The application, submitted by Stone's Boatyard, is to create a Salcombe yawl landing stage, that could hold 20 boats, into the Salcombe Estuary - with the provision of a toilet - at Yalton, East Portlemouth.
Comments on the council’s planning website are so far overwhelmingly in support of the project, but it is opposed by East Portlemouth Parish Council and South Hams Society.
The proposal is on behalf of Stones Boatyard, established in 1938, which “specialises in the renovating and maintenance of Classic Salcombe Yawls”.
The application states: “Salcombe Yawls are traditional wooden boats that were first built in the late 18th Century for the purpose of fishing.
“Salcombe Yawls form an intrinsic part of the Salcombe Yacht Club…most notably in the Salcombe Yacht Club Regatta. However…the sailing regatta is in significant decline, with entries into the regatta having reduced from over 300 to approximately 130 in recent years.
“Stones Boatyard is therefore working hard to conserve Salcombe’s nautical history through the care of these iconic boats. Yet, the business has recognised that to successfully preserve this tradition, it must evolve to ensure that more sailors and their boats can be catered for.
“The Boatyard dry stores 40 Yawls and 12 traditional wooden launches, many of which were built here in Salcombe, and are as much an intrinsic part of the harbour tradition as the yawls. However, currently Stones Boatyard only has moorings for 16 boats.
“This means boats are launched and recovered as needed, but the launching is restricted by tides which limits access to the water. Furthermore, there is an eight year waiting list for a boatpark space for a dinghy, and longer for a Salcombe Yawl mooring. This limited availability of moorings is a potential contributor to the reduction of Saturday Yawl sailing in Salcombe.
“To reverse this downward trend, the proposed Yawl Landing Stage will offer the opportunity for 20 yawls plus traditional wooden launches to be kept afloat throughout the summer so that customers will be able to access their boats at all times.
“The Landing Stage will have the facility to charge electric boats in order to help decarbonise boating in the harbour and reduce boat related noise and air pollution.
“This would be one of the first pontoons in the country to offer electric charging facilities.
“In the late 1970s and early 1980s, Alec Stone positioned a pontoon in this exact location for his Flying Dutchmen and Solo dinghy customers. Consequently, the proposed Landing Stage will continue the use of the harbour in a manner it has been used previously.
“It will have a small footfall with use being restricted to existing Yawl owners/customers and their guests. The majority of customers/ Yawl owners will be based in Salcombe and will arrive from Salcombe by boat/ water taxi; thus, it will not be creating extra traffic on the roads.”The South Hams Society objects to the proposal, stating: “This will mean that an area of previously untouched unspoiled pristine water frontage in the AONB (Area of Outstanding Natural Beauty) and on a SSSI (Site of Special Scientific Interest) will be lost forever.
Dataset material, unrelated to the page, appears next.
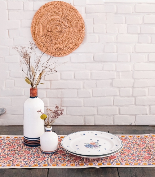 Fabriqués à partir de coton d’une grande qualité, nos chemins de tables sont imprimés à la main au « Block print » dans l’ouest de l’Inde. Cette technique consiste à imprimer les motifs à la force des poignets grâce aux tampons en bois sculptés à la main.
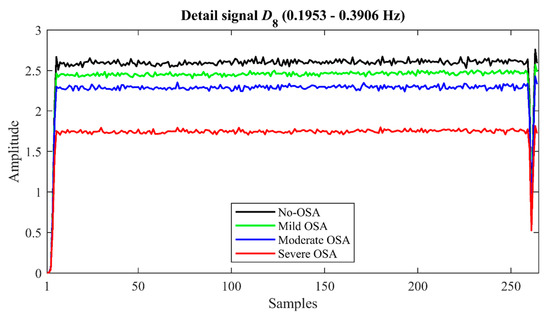 Due to the amplitude reductions of the AF signal produced by apneic events [15], as well as the ability of the DWT to assign low coefficients to the flatter signal parts and high coefficients to the steeper [42], it is expected to find higher coefficients in the signal D8 of the subjects without OSA. Consequently, and according to previous spectral analyses of AF [16,43], higher values of M1D8, M2D8, MaxD8, and MinD8, as well as lower values of M3D8 and M4D8, are expected in these subjects. In addition, it is also expected that there will be greater activity in the normal breathing band in the absence of apneas and hypopneas, i.e., that subjects without OSA have a higher ED8. Regarding WE, it has been observed that apneic events introduce changes in time and frequency domains of AF signal of children [11,12,16]. Thus, AF signals are expected to be more irregular (higher values of WE) as OSA severity increases. Thereby, since DWT allows to obtain higher frequency resolution at low frequencies, it is expected to provide a more detailed analysis than classical spectral analysis.

“The associated works include steps to and from the landing stage, a car park [seems to be an existing car park - the application states that the number of parking spaces (3) will not change] and toilet block and will increase boat-hauled traffic down the extremely narrow lanes leading to the site.
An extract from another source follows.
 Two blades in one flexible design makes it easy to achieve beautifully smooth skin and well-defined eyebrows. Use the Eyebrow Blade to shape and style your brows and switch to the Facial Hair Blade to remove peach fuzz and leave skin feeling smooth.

“There are mitigating factors, to be sure, in the plans but overall the upper reaches of the estuary are the preserve of nature and are given the highest form of protection that planning law provides. These stretches of water are a haven for wildlife (of which two examples of a nationally important species; the two tentacled lagoon worms have set up home here), fish nurseries and are enjoyed by walkers, bird watchers - many of whom signed the original petition to stop water skiing.”
East Portlemouth Parish Council have also objected, saying: “East Portlemouth Parish Council appreciate the business need and the desire to keep yawls on the estuary, but feel that an alternative, simpler solution could achieve this, without the need for a land link via steps.
“This is a protected, sensitive and undeveloped part of the estuary.”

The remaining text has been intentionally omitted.